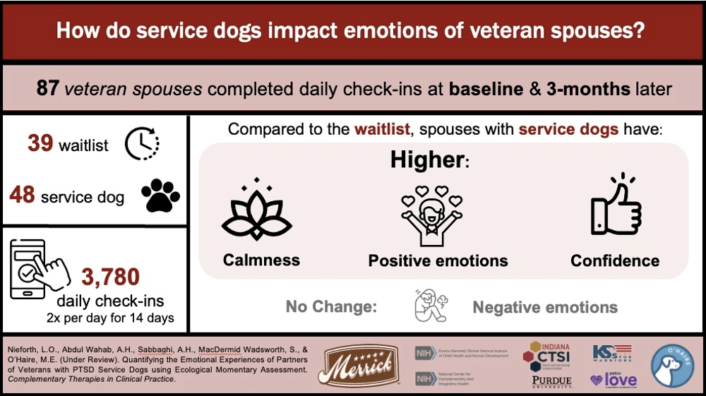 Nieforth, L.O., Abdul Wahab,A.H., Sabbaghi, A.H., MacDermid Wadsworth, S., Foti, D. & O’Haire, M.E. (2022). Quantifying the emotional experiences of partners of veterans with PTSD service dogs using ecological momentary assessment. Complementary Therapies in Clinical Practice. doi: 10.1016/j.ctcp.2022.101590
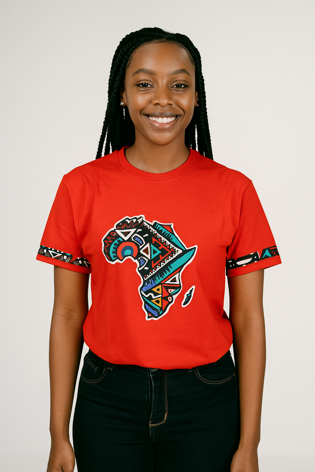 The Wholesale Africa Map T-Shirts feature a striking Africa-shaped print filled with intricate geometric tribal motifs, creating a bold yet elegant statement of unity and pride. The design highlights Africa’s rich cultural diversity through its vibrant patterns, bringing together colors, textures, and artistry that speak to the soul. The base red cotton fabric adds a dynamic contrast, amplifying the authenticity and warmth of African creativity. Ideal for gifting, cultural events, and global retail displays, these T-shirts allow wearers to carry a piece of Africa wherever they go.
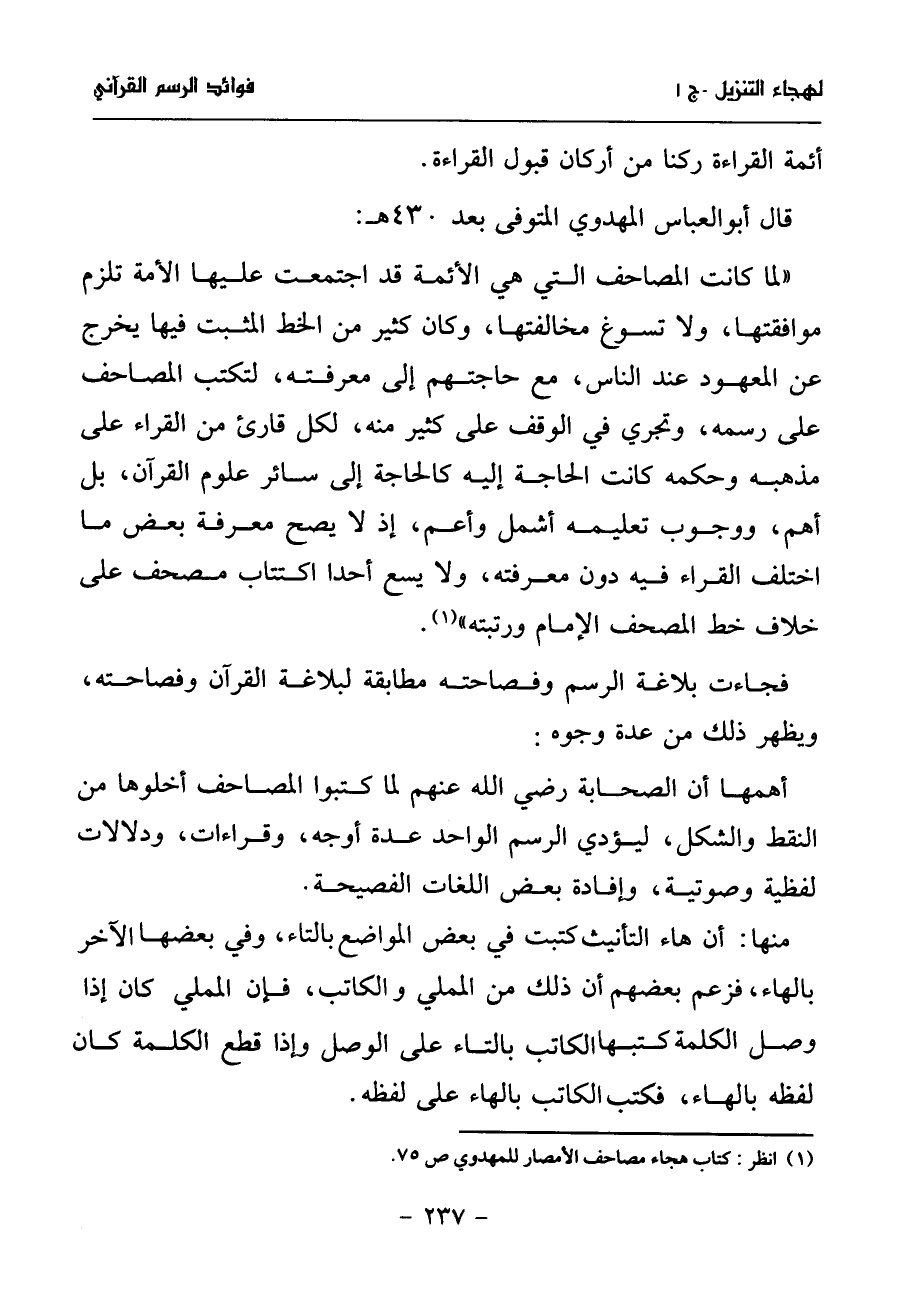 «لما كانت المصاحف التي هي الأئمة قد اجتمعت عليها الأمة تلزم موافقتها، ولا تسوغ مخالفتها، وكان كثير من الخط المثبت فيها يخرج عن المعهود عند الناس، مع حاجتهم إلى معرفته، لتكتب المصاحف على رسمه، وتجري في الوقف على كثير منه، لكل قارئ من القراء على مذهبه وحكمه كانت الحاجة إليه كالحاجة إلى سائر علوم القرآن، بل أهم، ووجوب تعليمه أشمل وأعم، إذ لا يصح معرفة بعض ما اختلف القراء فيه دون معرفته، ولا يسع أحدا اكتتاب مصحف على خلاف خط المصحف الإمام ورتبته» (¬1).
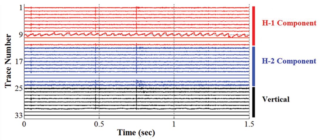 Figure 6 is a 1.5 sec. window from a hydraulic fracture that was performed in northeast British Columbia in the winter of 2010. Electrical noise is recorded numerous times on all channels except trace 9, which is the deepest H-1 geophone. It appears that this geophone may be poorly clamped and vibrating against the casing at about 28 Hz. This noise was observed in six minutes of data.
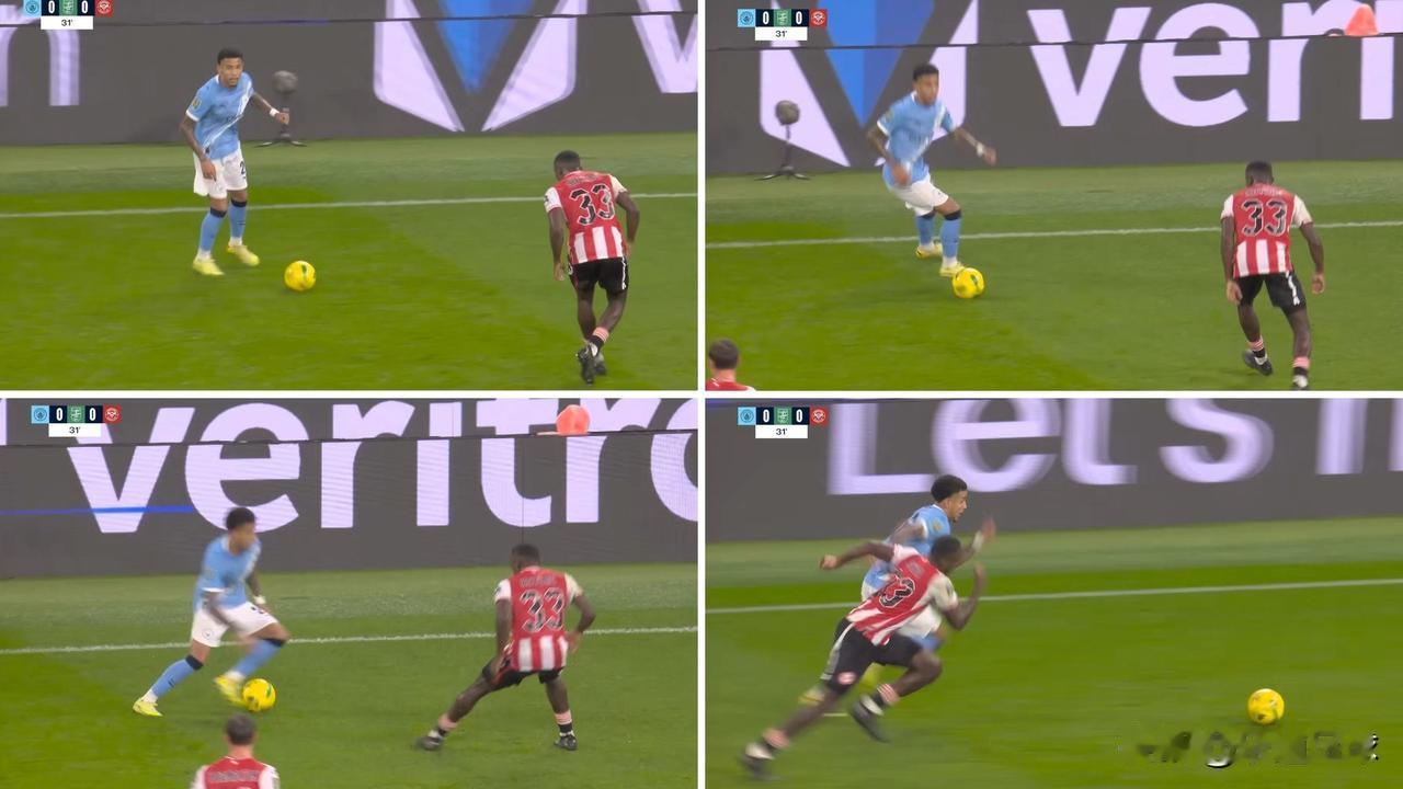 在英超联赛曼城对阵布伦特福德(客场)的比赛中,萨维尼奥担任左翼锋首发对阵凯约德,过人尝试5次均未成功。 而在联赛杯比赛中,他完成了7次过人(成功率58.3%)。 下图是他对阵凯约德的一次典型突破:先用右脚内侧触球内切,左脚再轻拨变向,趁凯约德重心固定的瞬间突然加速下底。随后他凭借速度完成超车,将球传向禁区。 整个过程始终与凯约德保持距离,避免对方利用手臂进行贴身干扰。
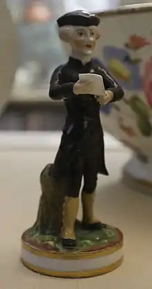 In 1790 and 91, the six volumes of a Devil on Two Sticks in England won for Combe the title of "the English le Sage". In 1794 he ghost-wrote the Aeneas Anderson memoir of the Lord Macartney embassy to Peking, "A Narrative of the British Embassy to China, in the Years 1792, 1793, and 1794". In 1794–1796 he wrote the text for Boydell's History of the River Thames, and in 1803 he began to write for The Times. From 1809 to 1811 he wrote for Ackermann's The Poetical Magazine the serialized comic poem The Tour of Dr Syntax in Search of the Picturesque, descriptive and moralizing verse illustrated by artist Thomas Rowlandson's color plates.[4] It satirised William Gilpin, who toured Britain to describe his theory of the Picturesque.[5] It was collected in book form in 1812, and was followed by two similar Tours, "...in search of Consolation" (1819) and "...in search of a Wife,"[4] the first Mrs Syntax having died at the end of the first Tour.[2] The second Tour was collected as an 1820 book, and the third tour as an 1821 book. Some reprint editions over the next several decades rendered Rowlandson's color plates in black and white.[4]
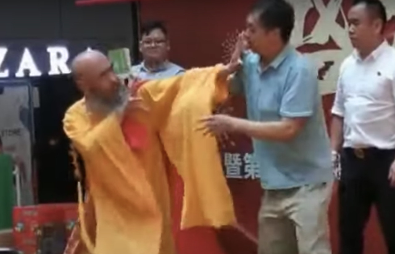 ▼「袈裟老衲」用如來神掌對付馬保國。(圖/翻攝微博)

### Your assignment
Starting with the first line of the material, print each line exactly until you have printed the line with "Figure 6 is", and skip the pictures.

### Reply to the task
 Nieforth, L.O., Abdul Wahab,A.H., Sabbaghi, A.H., MacDermid Wadsworth, S., Foti, D. & O’Haire, M.E. (2022). Quantifying the emotional experiences of partners of veterans with PTSD service dogs using ecological momentary assessment. Complementary Therapies in Clinical Practice. doi: 10.1016/j.ctcp.2022.101590
 The Wholesale Africa Map T-Shirts feature a striking Africa-shaped print filled with intricate geometric tribal motifs, creating a bold yet elegant statement of unity and pride. The design highlights Africa’s rich cultural diversity through its vibrant patterns, bringing together colors, textures, and artistry that speak to the soul. The base red cotton fabric adds a dynamic contrast, amplifying the authenticity and warmth of African creativity. Ideal for gifting, cultural events, and global retail displays, these T-shirts allow wearers to carry a piece of Africa wherever they go.
 «لما كانت المصاحف التي هي الأئمة قد اجتمعت عليها الأمة تلزم موافقتها، ولا تسوغ مخالفتها، وكان كثير من الخط المثبت فيها يخرج عن المعهود عند الناس، مع حاجتهم إلى معرفته، لتكتب المصاحف على رسمه، وتجري في الوقف على كثير منه، لكل قارئ من القراء على مذهبه وحكمه كانت الحاجة إليه كالحاجة إلى سائر علوم القرآن، بل أهم، ووجوب تعليمه أشمل وأعم، إذ لا يصح معرفة بعض ما اختلف القراء فيه دون معرفته، ولا يسع أحدا اكتتاب مصحف على خلاف خط المصحف الإمام ورتبته» (¬1).
 Figure 6 is a 1.5 sec. window from a hydraulic fracture that was performed in northeast British Columbia in the winter of 2010. Electrical noise is recorded numerous times on all channels except trace 9, which is the deepest H-1 geophone. It appears that this geophone may be poorly clamped and vibrating against the casing at about 28 Hz. This noise was observed in six minutes of data.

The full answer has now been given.